Enable the sql_query tool.

With no engine_url, queries run via DuckDB in-process over the DataFrame handles in the cache. With a SQLAlchemy URL, queries run against that database instead.

Parameters:

Name Type Description Default
engine_url str | None

Optional SQLAlchemy connection URL.

None

Returns:

Type Description
Agent

self, for method chaining.

Source code in data_harness/agent.py
def enable_sql(self, *, engine_url: str | None = None) -> Agent:
    """Enable the ``sql_query`` tool.

    With no ``engine_url``, queries run via DuckDB in-process over the
    DataFrame handles in the cache. With a SQLAlchemy URL, queries run
    against that database instead.

    Args:
        engine_url: Optional SQLAlchemy connection URL.

    Returns:
        ``self``, for method chaining.
    """
    self._sql_enabled = True
    self._sql_engine_url = engine_url
    return self

enable_cache

enable_cache(path: Any = None) -> Agent

Enable the code-replay cache.

On a repeat run/run_result with the same question and data schema, the previously recorded interpreter/SQL code is replayed against the current cache without calling the model (zero tokens, no turns).

Parameters:

Name Type Description Default
path Any

A JSON file path to persist the cache across processes, an existing ExecutionCache to share in-process, or None for an in-memory cache.

None

Returns:

Type Description
Agent

self, for method chaining.

Source code in data_harness/agent.py
def enable_cache(self, path: Any = None) -> Agent:
    """Enable the code-replay cache.

    On a repeat ``run``/``run_result`` with the same question and data
    schema, the previously recorded interpreter/SQL code is replayed against
    the current cache without calling the model (zero tokens, no turns).

    Args:
        path: A JSON file path to persist the cache across processes, an
            existing `ExecutionCache` to share in-process, or ``None`` for an
            in-memory cache.

    Returns:
        ``self``, for method chaining.
    """
    from data_harness.exec_cache import ExecutionCache

    if isinstance(path, ExecutionCache):
        self._exec_cache = path
    else:
        self._exec_cache = ExecutionCache(path)
    return self

session

session() -> AgentSession

Create a stateful AgentSession for multi-turn conversations.

Returns:

Type Description
AgentSession

A new AgentSession backed by a copy of this agent's cache.
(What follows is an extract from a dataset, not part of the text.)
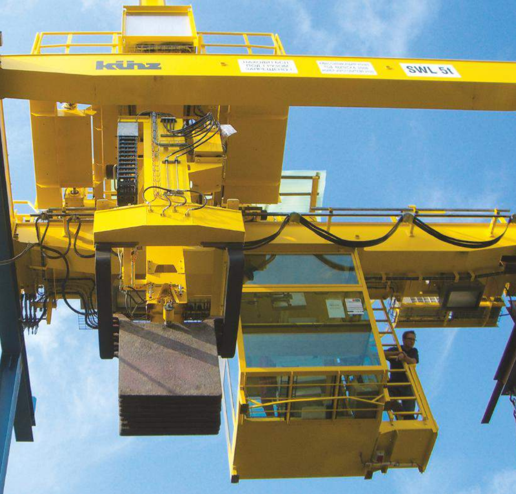
Anode handling crane, Kazzinc JSC Copper refinery, Kazakhstan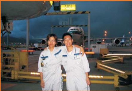
▲ Working in HAECO Line Maintenance during training

Source code in data_harness/agent.py
def session(self) -> AgentSession:
    """Create a stateful `AgentSession` for multi-turn conversations.

    Returns:
        A new `AgentSession` backed by a copy of this agent's cache.
    """
    return AgentSession(self)

run_result

run_result(user_message: str) -> RunResult

Run the agent and return the full RunResult.
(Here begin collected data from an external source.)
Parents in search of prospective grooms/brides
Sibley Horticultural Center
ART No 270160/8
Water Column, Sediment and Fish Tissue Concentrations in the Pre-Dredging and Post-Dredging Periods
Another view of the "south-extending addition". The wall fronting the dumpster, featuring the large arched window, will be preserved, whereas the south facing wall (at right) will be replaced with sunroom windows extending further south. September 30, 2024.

Builds a fresh Harness with a fresh message history for each call.

Parameters:

Name Type Description Default
user_message str

The user prompt to send.

required

Returns:

Type Description
RunResult

A RunResult with the text response, token usage, and cache state.
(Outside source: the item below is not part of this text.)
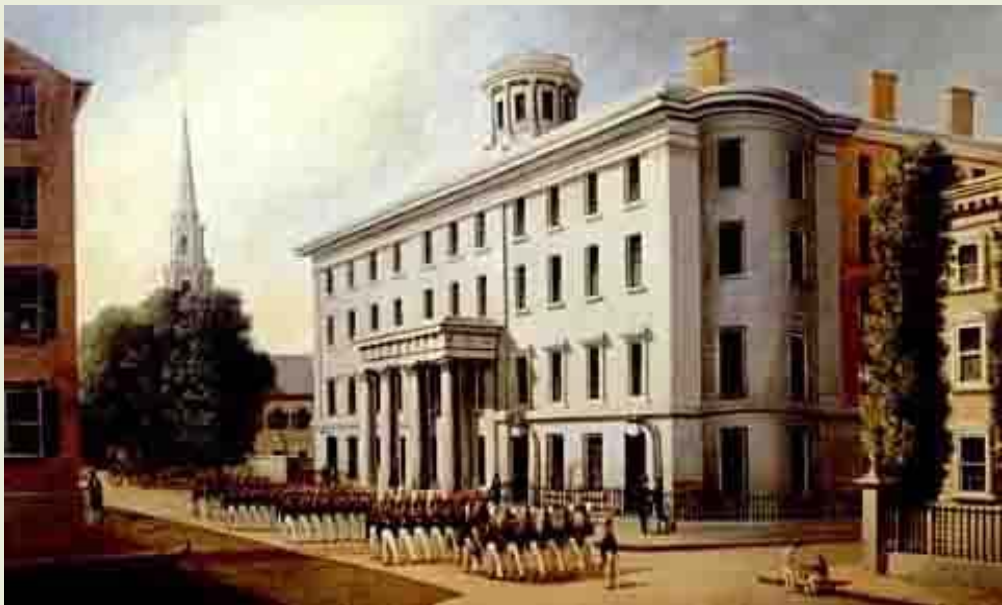
A painting by James Bennett, ca 1830s, showing the Granary's new neighbor, the Tremont House. In the background is the old Granary wall, before the new entrance and fence were added in 1840.

over-looking the desolate-looking Granary Burying Ground. On the other side of the site, at the corner of Tremont and Beacon Street, the Tremont House Hotel was built in 1829, designed by the well-known architect Isaiah Rogers. It was the first hotel in the country to feature indoor plumbing and was considered

Source code in data_harness/agent.py
def run_result(self, user_message: str) -> RunResult:
    """Run the agent and return the full `RunResult`.

    Builds a fresh `Harness` with a fresh message history for each call.

    Args:
        user_message: The user prompt to send.

    Returns:
        A `RunResult` with the text response, token usage, and cache state.
    """
    key = None
    if self._exec_cache is not None:
        from data_harness.exec_cache import make_key

        key = make_key(user_message, self._cache, self._system)
        cached = self._exec_cache.get(key)
        if cached is not None:
            return self._replay(key, cached, user_message)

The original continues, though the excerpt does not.